14th-century magnate who served Stefan Dušan

Nikola Stanjević (Никола Стањевић, fl. 1355–1366) was a magnate who served Emperor Stefan Dušan (r. 1331–55) as veliki vojvoda (general), and who was still alive during the rule of Emperor Uroš V (r. 1355–71), when in 1366 the Emperor confirmed the metochion of his endowment, the Konče Church, dedicated to St. Stephen, near Radovište, to the Hilandar monastery. He held a province in northern Macedonia, around Skopje. He is an ancestor of Nikola Pavlović "Gefalija" and the Stanjević brotherhood in Montenegro. He is the founder of the Stanjevići Monastery on the southern slopes of Mount Lovćen, overlooking Budva.

==Gospel==
Nikola had a gospel book written and illustrated by monk Feoktist, which he donated to the Hilandar monastery of Mount Athos.
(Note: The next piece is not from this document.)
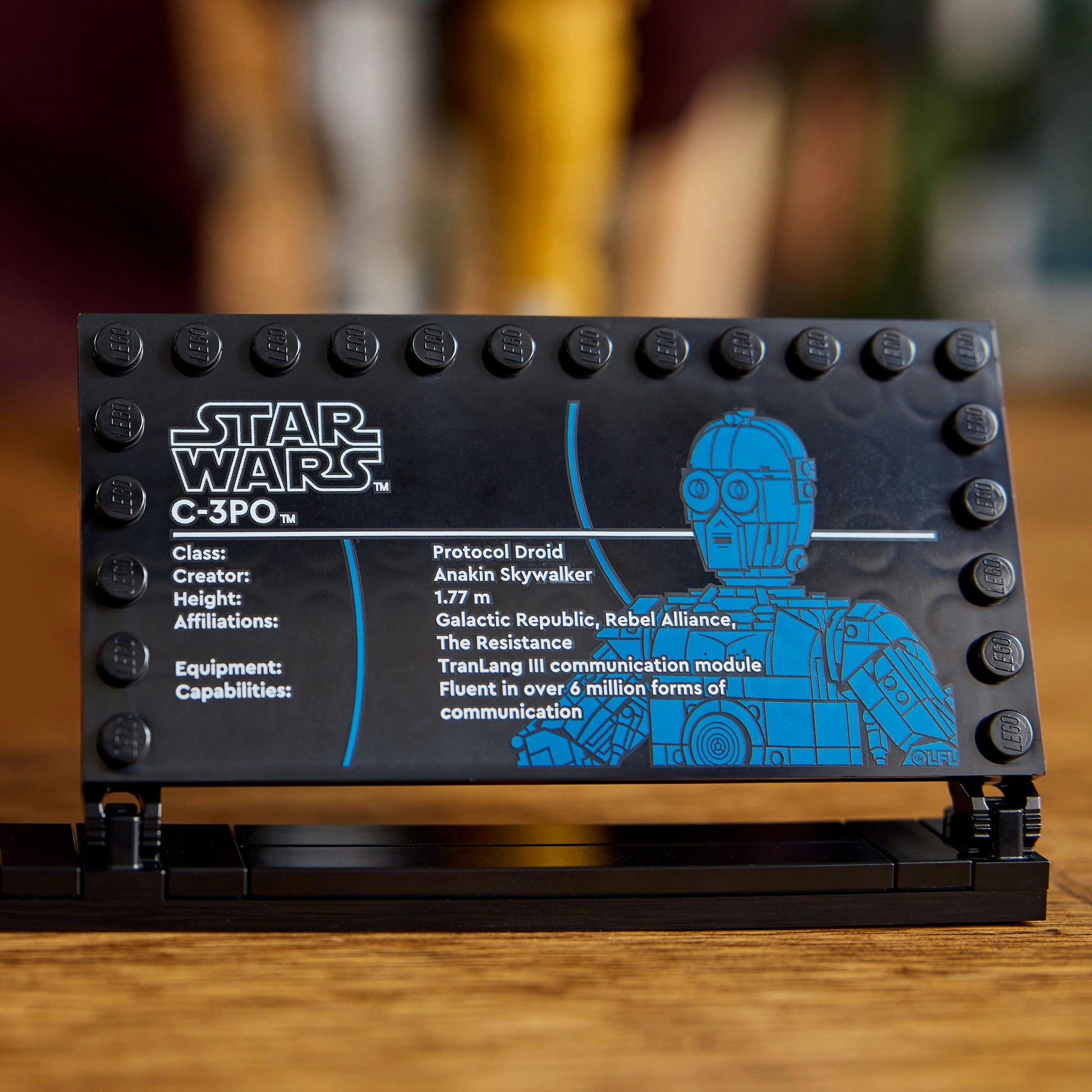 - 25th anniversary centrepiece – The set includes a stand with a C-3PO information plaque and space for the C-3PO LEGO® minifigure, plus a LEGO Star Wars™ 25th anniversary brick

The book is now called the "Tetravangelion of Nikola Stanjević", found in London at the British Museum, collection No. 154.

Military offices
| Vacant Title last held byNovak Grebostrek | veliki vojvoda of Stefan Dušan ?–1355 Served alongside: Jovan Oliver | Succeeded byJovan Uglješaas veliki vojvoda of Uroš V |

==See also==
- Teodosije the Hilandarian (1246–1328), one of the most important Serbian writers in the Middle Ages
- Elder Grigorije (fl. 1310–1355), builder of Saint Archangels Monastery
- Antonije Bagaš (fl. 1356–1366), bought and restored the Agiou Pavlou monastery
- Lazar the Hilandarian (fl. 1404), the first known Serbian and Russian watchmaker
- Pachomius the Serb (fl. 1440s–1484), hagiographer of the Russian Church
- Miroslav Gospel
- Gabriel the Hilandarian
- Constantine of Kostenets
- Cyprian, Metropolitan of Kiev and All Rus'
- Gregory Tsamblak
- Isaija the Monk

==Sources==
- Ćorović, Vladimir (2001). "Istorija srpskog naroda"
- Fajfrić, Željko (2000). "Sveta loza Stefana Nemanje"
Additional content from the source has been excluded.